## WHAT IS BEING ASKED
All of the data that follows is to be written out exactly, with images excluded.

## RECORDED DATA
---*---

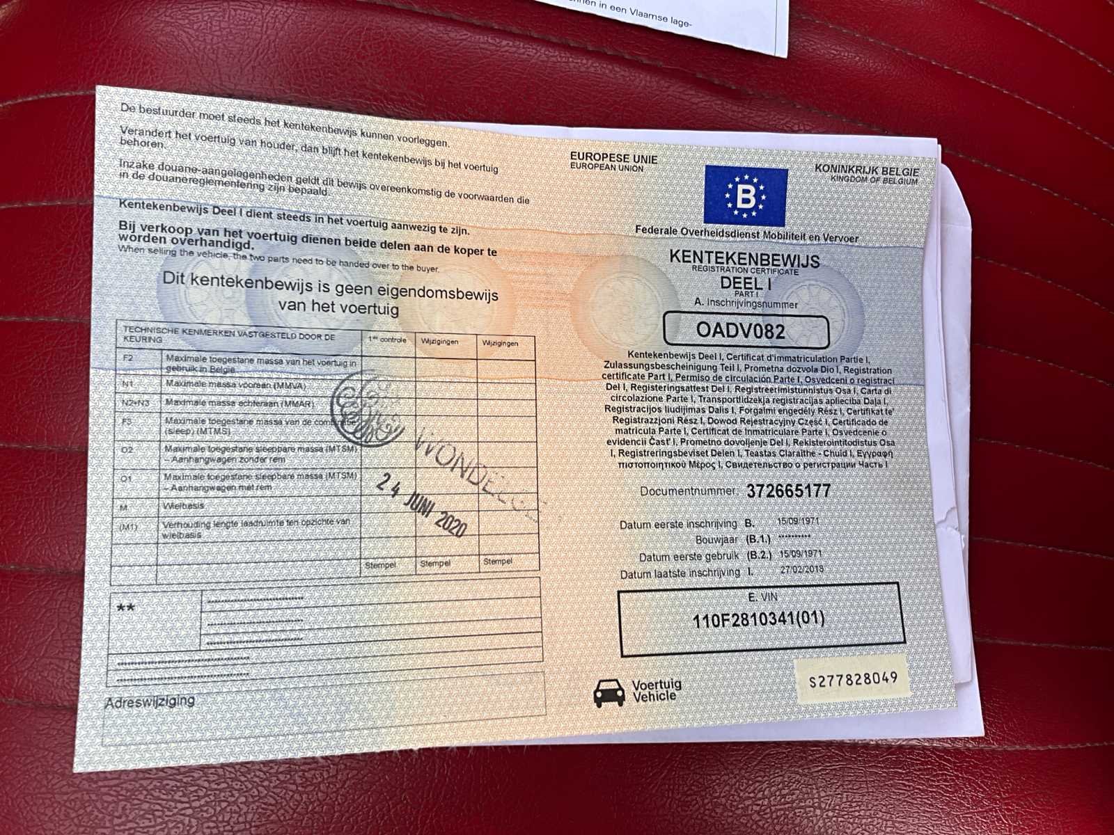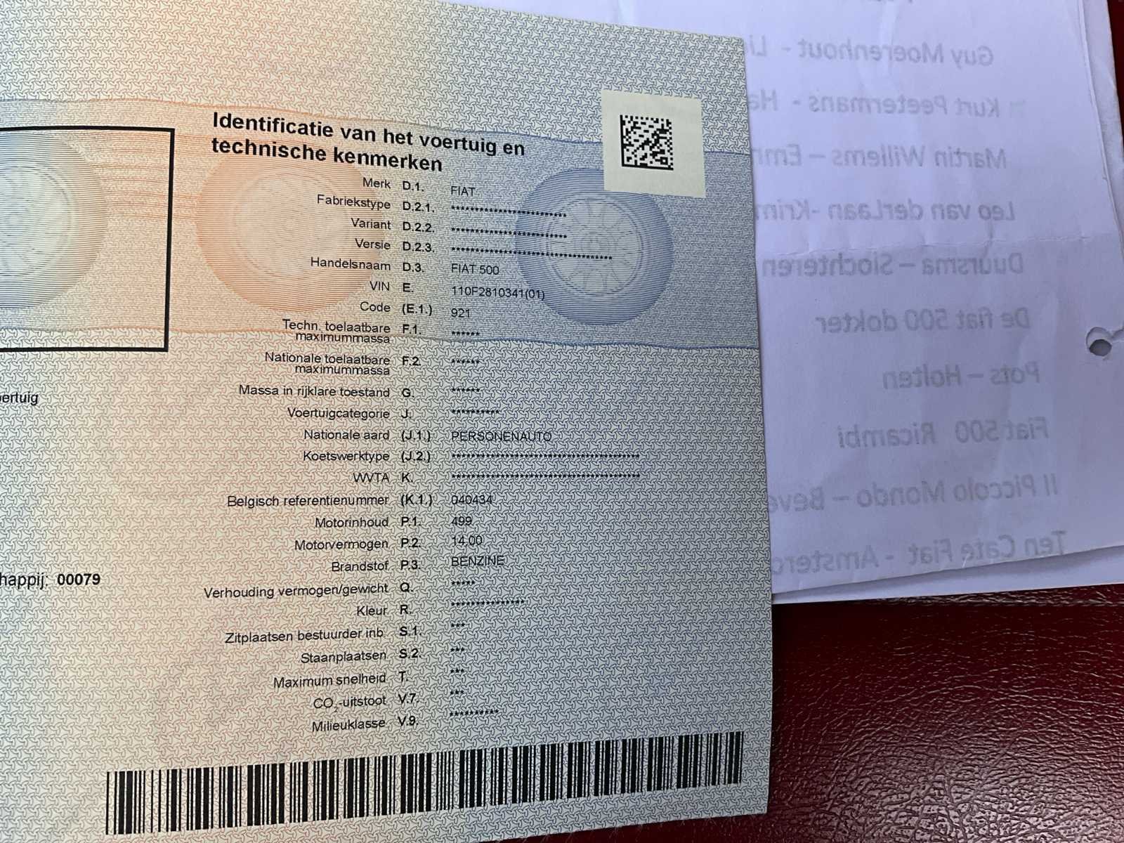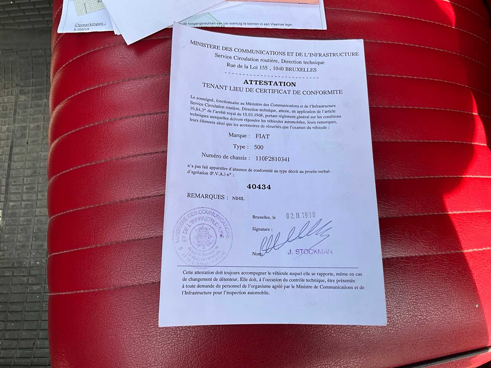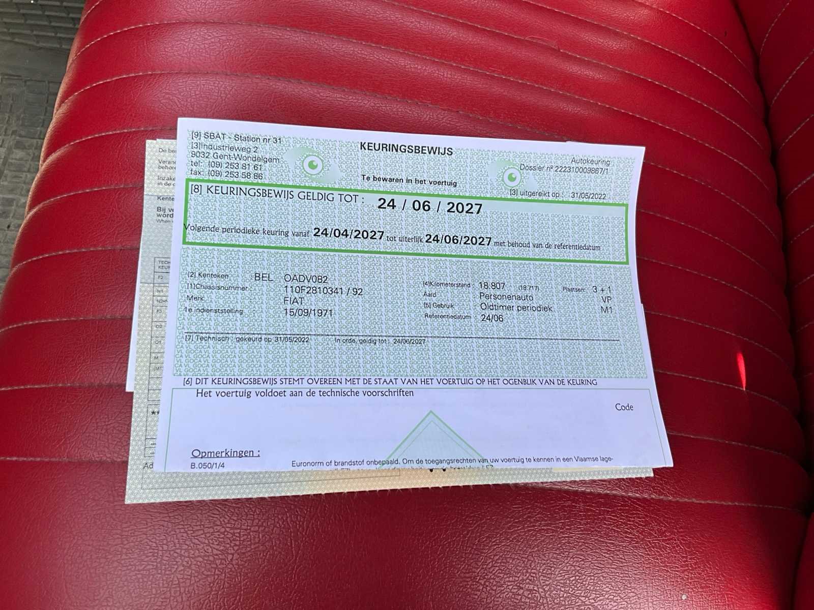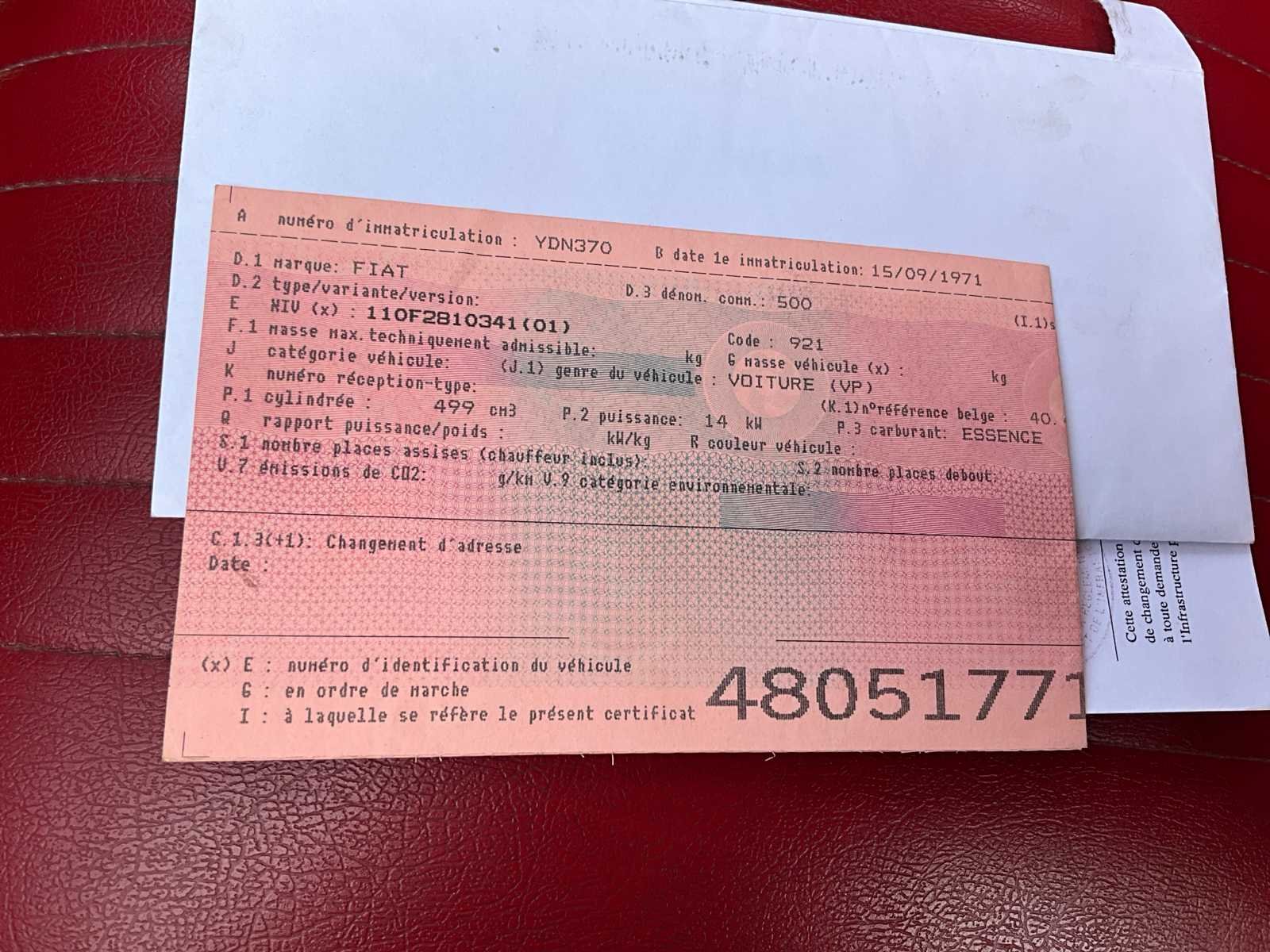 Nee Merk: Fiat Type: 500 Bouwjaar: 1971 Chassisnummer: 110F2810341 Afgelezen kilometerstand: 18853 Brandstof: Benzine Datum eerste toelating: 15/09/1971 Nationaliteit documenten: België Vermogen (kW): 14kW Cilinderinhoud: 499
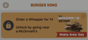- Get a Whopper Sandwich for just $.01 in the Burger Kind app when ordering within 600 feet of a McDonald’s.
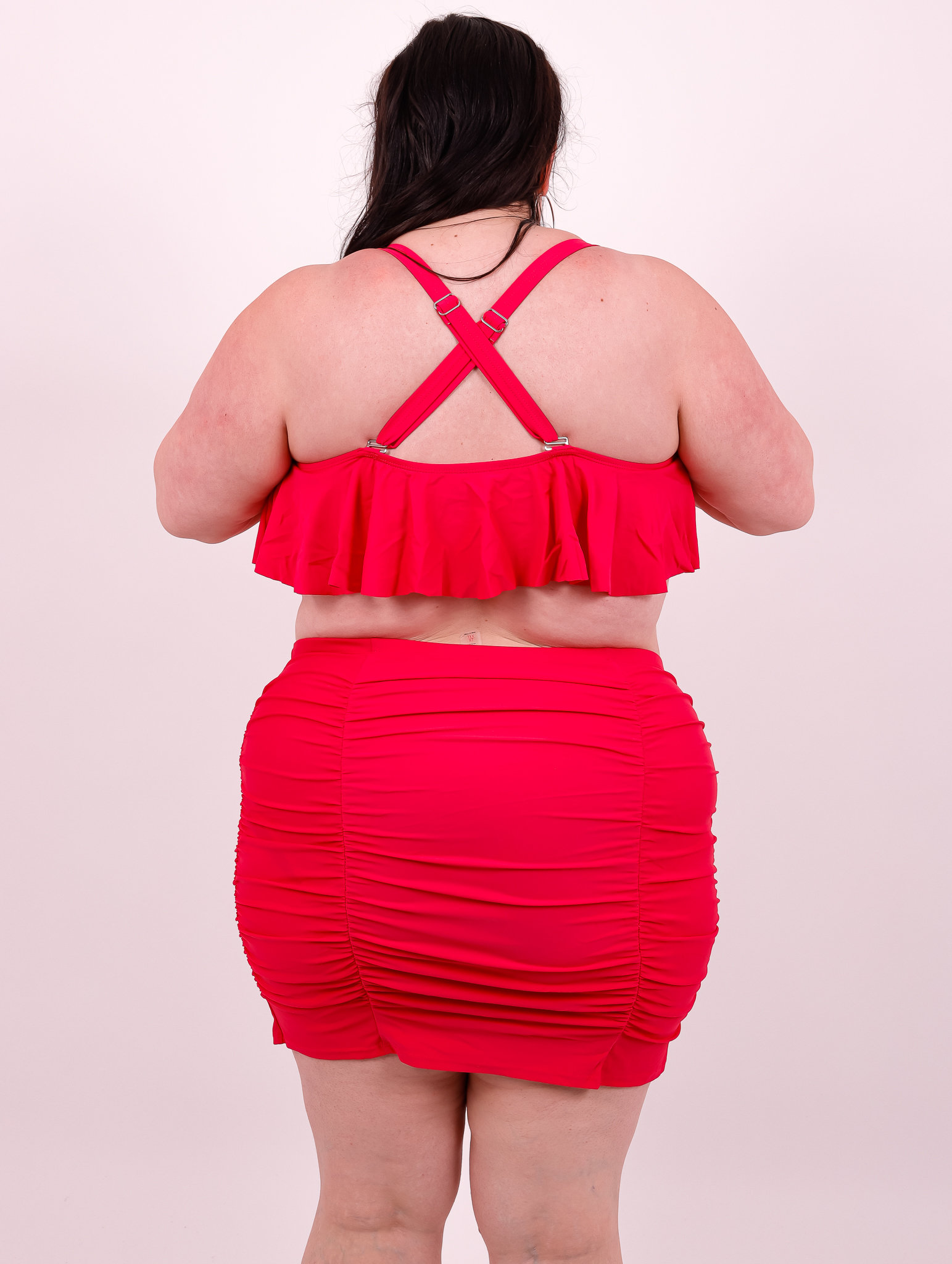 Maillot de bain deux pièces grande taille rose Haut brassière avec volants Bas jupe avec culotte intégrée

---*---

## ANSWER TO THIS EXERCISE
 Nee Merk: Fiat Type: 500 Bouwjaar: 1971 Chassisnummer: 110F2810341 Afgelezen kilometerstand: 18853 Brandstof: Benzine Datum eerste toelating: 15/09/1971 Nationaliteit documenten: België Vermogen (kW): 14kW Cilinderinhoud: 499
- Get a Whopper Sandwich for just $.01 in the Burger Kind app when ordering within 600 feet of a McDonald’s.
 Maillot de bain deux pièces grande taille rose Haut brassière avec volants Bas jupe avec culotte intégrée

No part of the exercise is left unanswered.